● **WHAT THIS TASK INVOLVES**: Go through the listing below and write out exactly the lines from the one that mentions "The POP IT Space" through the one that mentions "底盤刷上巧克力醬,濃密的奶油", minus the pictures.

-------- RECORDS SUPPLIED

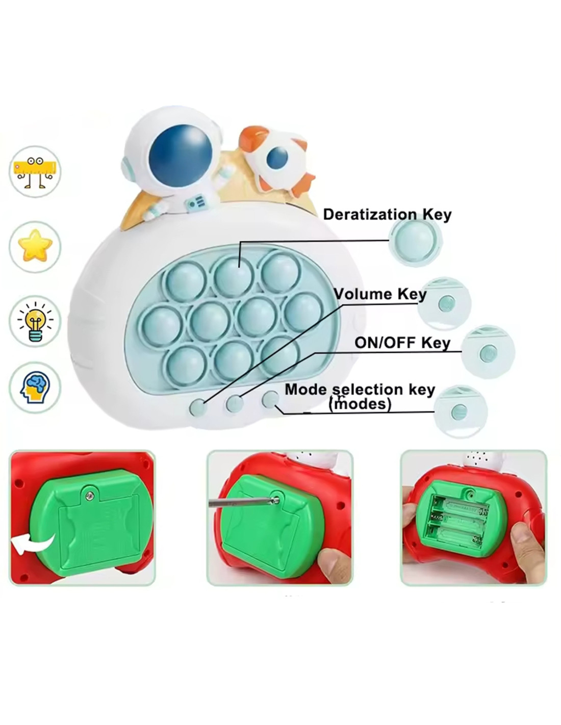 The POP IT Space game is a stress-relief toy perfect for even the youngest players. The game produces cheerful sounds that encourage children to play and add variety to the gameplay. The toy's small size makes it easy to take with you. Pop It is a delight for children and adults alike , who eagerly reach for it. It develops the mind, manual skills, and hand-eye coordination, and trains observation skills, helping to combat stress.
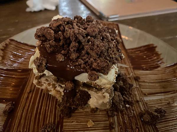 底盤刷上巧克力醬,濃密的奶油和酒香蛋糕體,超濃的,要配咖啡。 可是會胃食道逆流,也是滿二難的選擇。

----------------
-------- RECORDS SUPPLIED

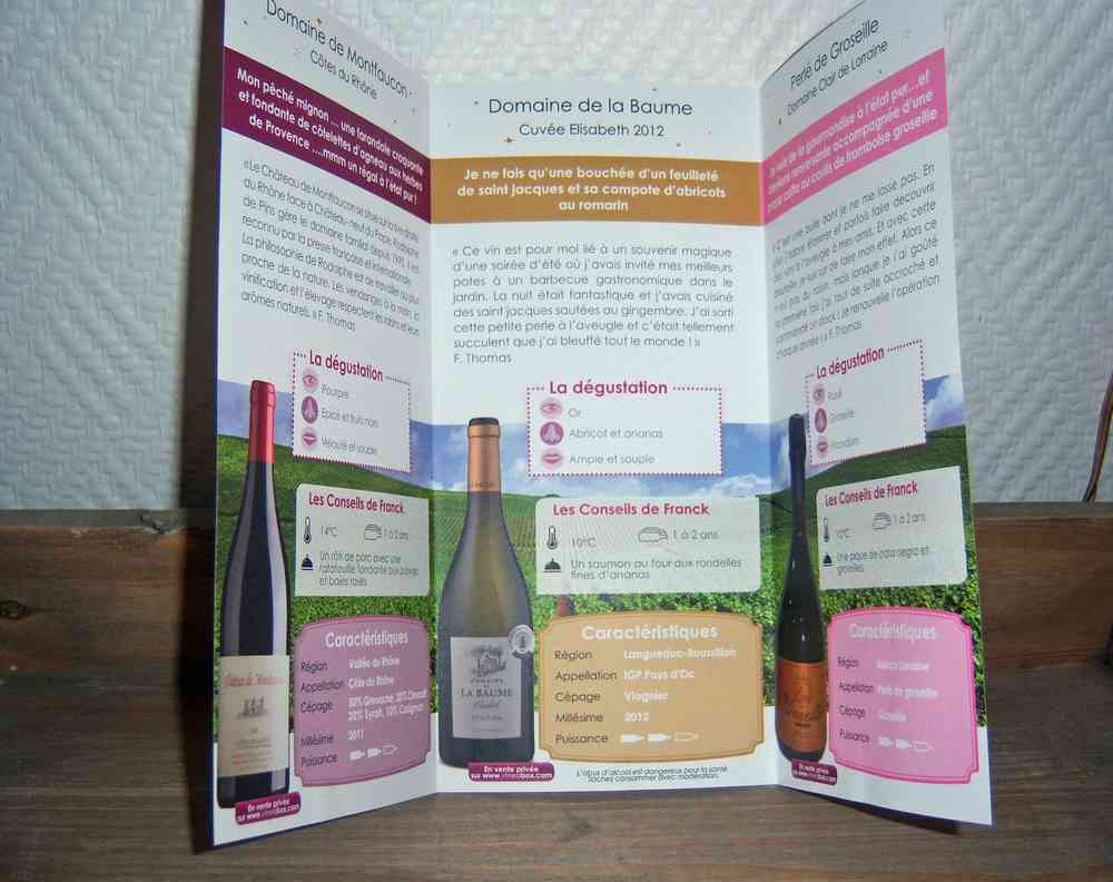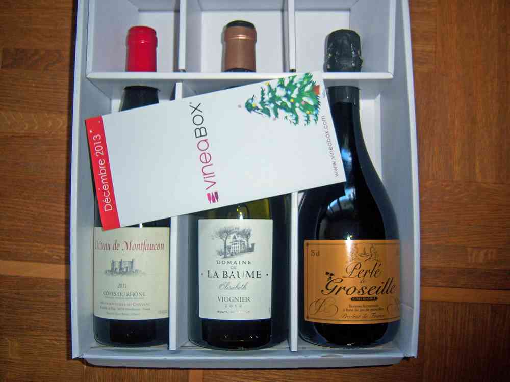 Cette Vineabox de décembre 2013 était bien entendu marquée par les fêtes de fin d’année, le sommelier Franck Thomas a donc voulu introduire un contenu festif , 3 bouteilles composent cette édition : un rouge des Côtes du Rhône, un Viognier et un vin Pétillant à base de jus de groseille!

----------------

● **WRITTEN RESPONSE**:
 The POP IT Space game is a stress-relief toy perfect for even the youngest players. The game produces cheerful sounds that encourage children to play and add variety to the gameplay. The toy's small size makes it easy to take with you. Pop It is a delight for children and adults alike , who eagerly reach for it. It develops the mind, manual skills, and hand-eye coordination, and trains observation skills, helping to combat stress.
 底盤刷上巧克力醬,濃密的奶油和酒香蛋糕體,超濃的,要配咖啡。 可是會胃食道逆流,也是滿二難的選擇。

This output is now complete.